# PROOF OF THE DERIVATIVES OF SIN, COS, TAN, CSC, SEC AND COT

The standard derivative of Sine, cosine, tangent, cosecant, secant, and cotangent is used to differentiate trigonometric functions.

These are outlined below.

$$\frac{d}{dx}(\sin x)=\cos x$$

$$\frac{d}{dx}(\cos x)=-\sin x$$

$$\frac{d}{dx}(\tan x)=-\sec^2 x$$

$$\frac{d}{dx}(\sec x)=\sec x \tan x$$

$$\frac{d}{dx}(\csc x)=-\csc x \cot x$$

$$\frac{d}{dx}(\cot x)=-\csc^2 x$$

But, how do we obtain this derivative? Is it a random guess?

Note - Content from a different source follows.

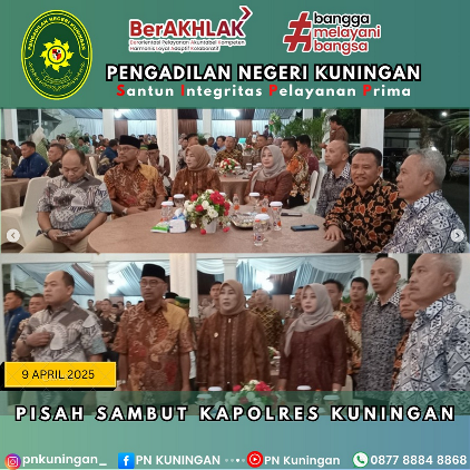 Ketua Pengadilan Negeri Kuningan Ibu Ardhianti Prihastuti, S.H., M.H. menghadiri Acara Pisah Sambut Kapolres Kuningan dari Ajun Komisaris Besar Polisi Willy Andrian, S.H., S.I.K., M.H. kepada Ajun Komisaris Besar Polisi Muhammad Ali Akbar, S.I.K., M.Si. bertempat di Pendopo Kabupaten Kuningan.

I will prove the six derivatives of trigonometric function in this post.

## Prove That The Derivative Of Sin X Is Cos X

Let $f(x)=\sin x$

Recall from the definition of the derivative of a function that

$$f'(x)=\lim_{h \to 0}\frac{f(x+h)-f(x)}{h}$$

If $f(x)=\sin x$, then, $f(x+h)=\sin(x+h)$ and

$$f'(x)=\lim_{h \to 0}\frac{\sin(x+h)-\sin(x)}{h}$$

Remember the trig identity that says, $\sin ( a+b)=\sin a \cos b+\cos a \sin b$, therefore, $\sin(x+h)=\sin x \cos h+\cos x \sin h$ and

$$f'(x)=\lim_{h \to 0}\frac{\sin x \cos h+\cos x \sin h-\sin x}{h}$$

Let's do a bit of re-arranging

$$f'(x)=\lim_{h \to 0}\frac{\sin x \cos h-\sin x+\cos x \sin h}{h}$$

$$f'(x)=\lim_{h \to 0}\frac{\sin x(\cos h-1)+\cos x \sin h}{h}$$

Splitting the fraction

$$f'(x)=\lim_{h \to 0}\frac{\sin x(\cos h-1)}{h}+\frac{\cos x \sin h}{h}$$

Now, we turn to the limit expression as we used the sum rule of limits.

$$f'(x)=\lim_{h \to 0}\frac{\sin x (\ cos h-1)}{h}+\lim_{h \to 0}\frac{\cos x \sin h}{h}$$

We can bring sin x and cos x outside the limits because they are functions of x, not h.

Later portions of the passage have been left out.